In conclusion, other groups and organizations seeking solutions to current problems can learn a number of lessons from CFA's successes:
The tobacco crisis did not call forth CFA. Rather, CFA's many years of community-based organizing and leadership development put it in the position to be able to influence agricultural policy in Kentucky at a moment when change became possible.
CFA's emphasis on farmer-led decision-making—like its map of tobacco dependence, its Greenprint, and its development of policy tools—was used to counter expert knowledge with citizen knowledge and to express CFA's democratic vision that those who live with the problem own the solution.
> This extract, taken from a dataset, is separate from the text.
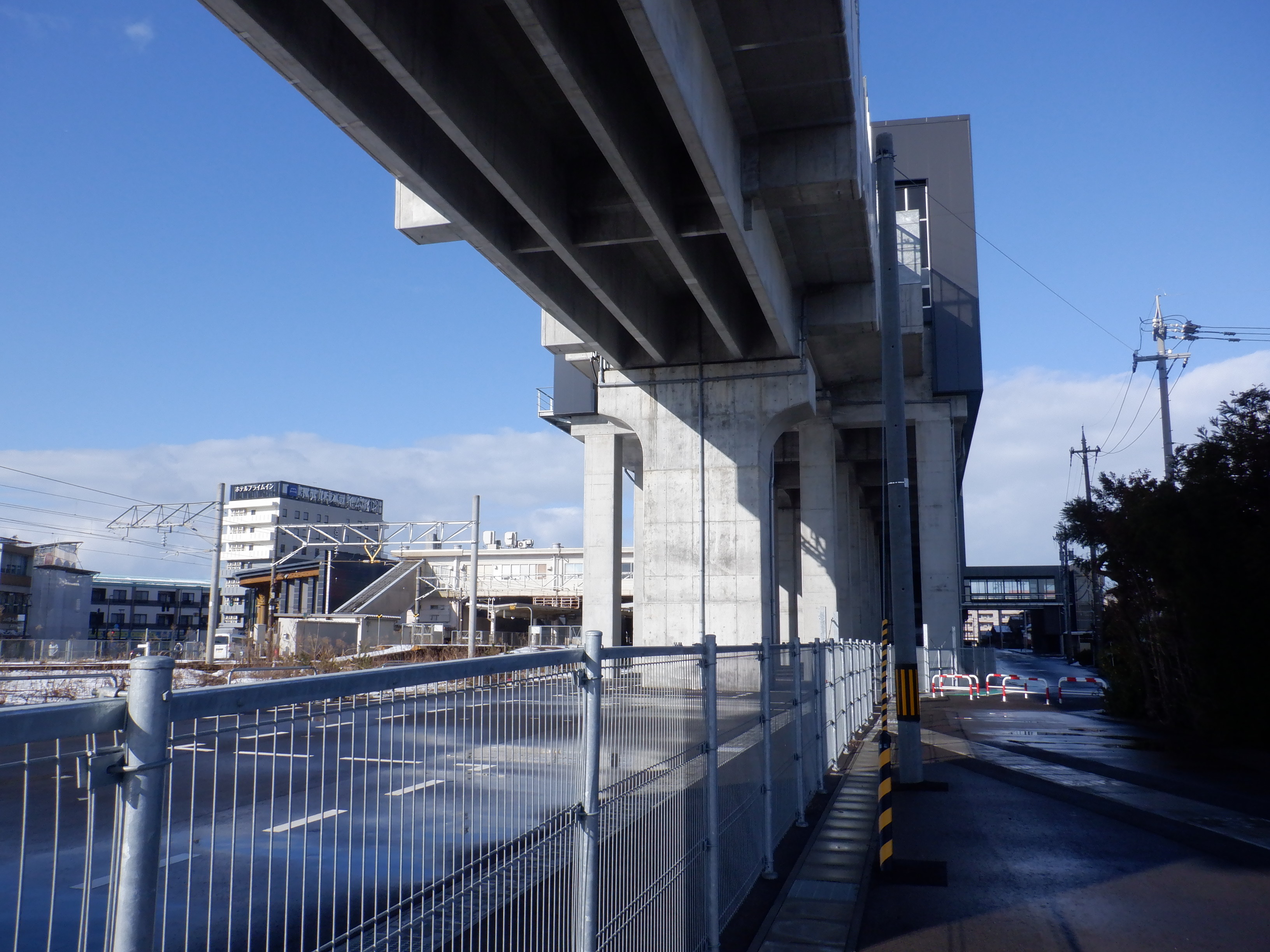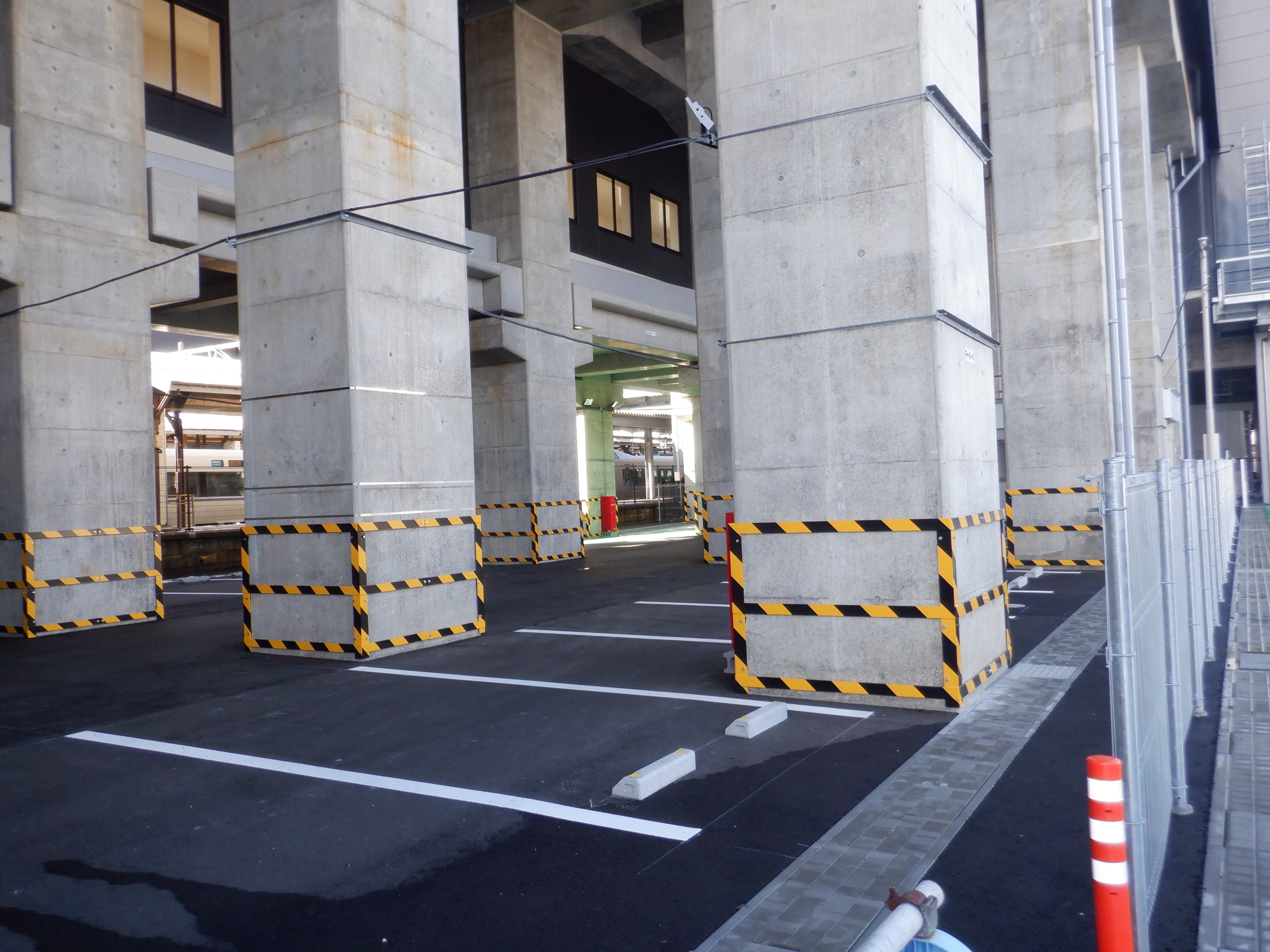 3番のりばから見た新幹線高架下。前回から2日しか経っていませんが、一部白線が引かれているなど、この間に少しだけ変化が見られました。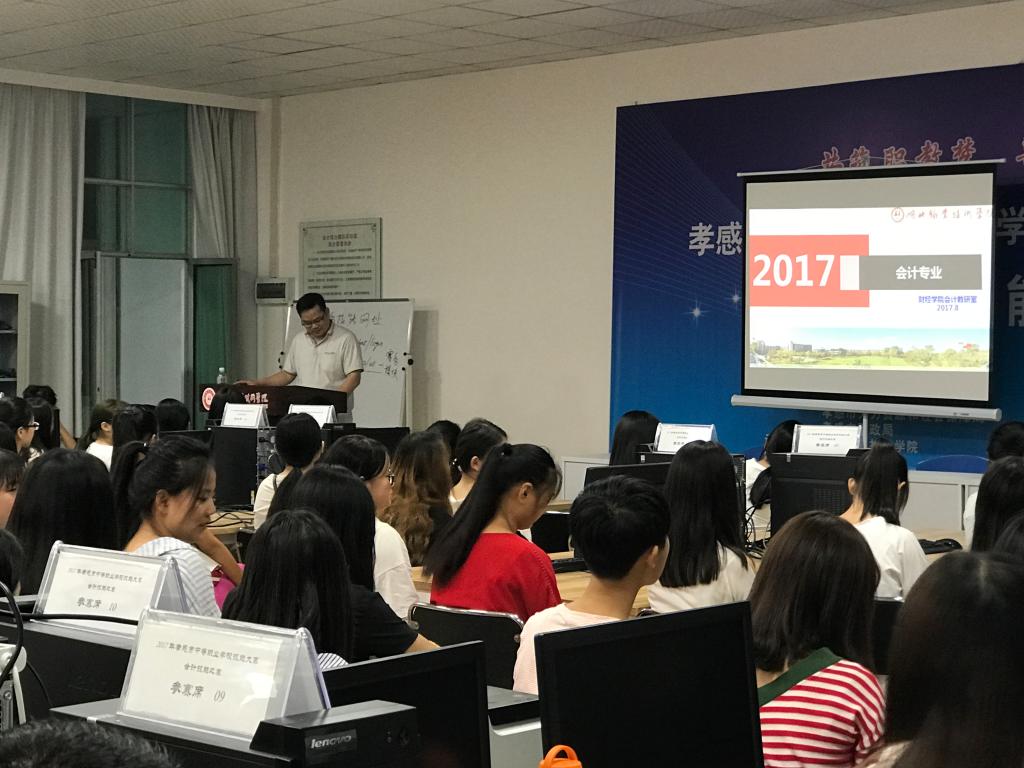 九月十三日晚七点,在文华楼三楼会计综合实训室,财经学院举办新生专业认知系列教育的第二场活动,即会计专业介绍会。杨相栋主任向全体会计专业新生详细介绍了我校会计专业建设和发展情况。杨主任通过经典案例,告诉同学们,在校期间,同学们学什么、怎么学。会计专业骨干教师周雪艳、黄文军也结合各自教学实践,从不同侧面向刚入学的同学们讲述了会计的精彩生活。现场同学纷纷被老师所讲的内容吸引,热情高涨,认真听、努力记,会场不时爆发出阵阵掌声。财经学院院长卢珍宏,副院长喻靖文全程参加了这一活动。本次专业介绍会是大一新生来到财经学院后第一次接触有关专业方面的知识,在老师的介绍下对本专业的概况和自己未来的学习方向有所了解,相信也对同学们大学几年的学习规划有所帮助。

Much of CFA's success can be attributed to its focus on organizing not only against questionable practices (such as biotechnology) but also for positive solutions such as increasing market venues for diversifying farmers.
CFA's strategy of spreading tobacco settlement money among the widest number of counties helped legislators find common ground across party divides, just as its efforts to scale up marketing strategies in new terrains required reaching across racial, rural/urban, and regional divides.
Finally, CFA activists did not wait to be invited to the table before beginning to influence thinking and policy making for sustainable agricultural development in Kentucky.
References
Hamilton, H & Ryan, E in Fighting Back in Appalachia: Traditions of Resistance and Change (Fisher, S, ed), Ch. 7 (Temple University Press, Philadelphia, 1993).
Fitzgerald, J. Citizens, experts and the economy: the grassroots takeover of Kentucky's agricultural future (PhD dissertation, Rensselaer Polytechnic Institute, 2006).
Webb, D. Interview with Jenrose Fitzgerald (October 10, 2004).
Ruccio, D & Billings, D in Economic Representations: Academic and Everyday (Ruccio, D, ed), Ch. 16 (Routledge, New York, 2008).
Fitzgerald, J, Markowitz, L & Billings, D in Transforming Places: Lessons from Appalachia, Fisher, S & Smith, BE, eds (University of Illinois, Urbana, in press).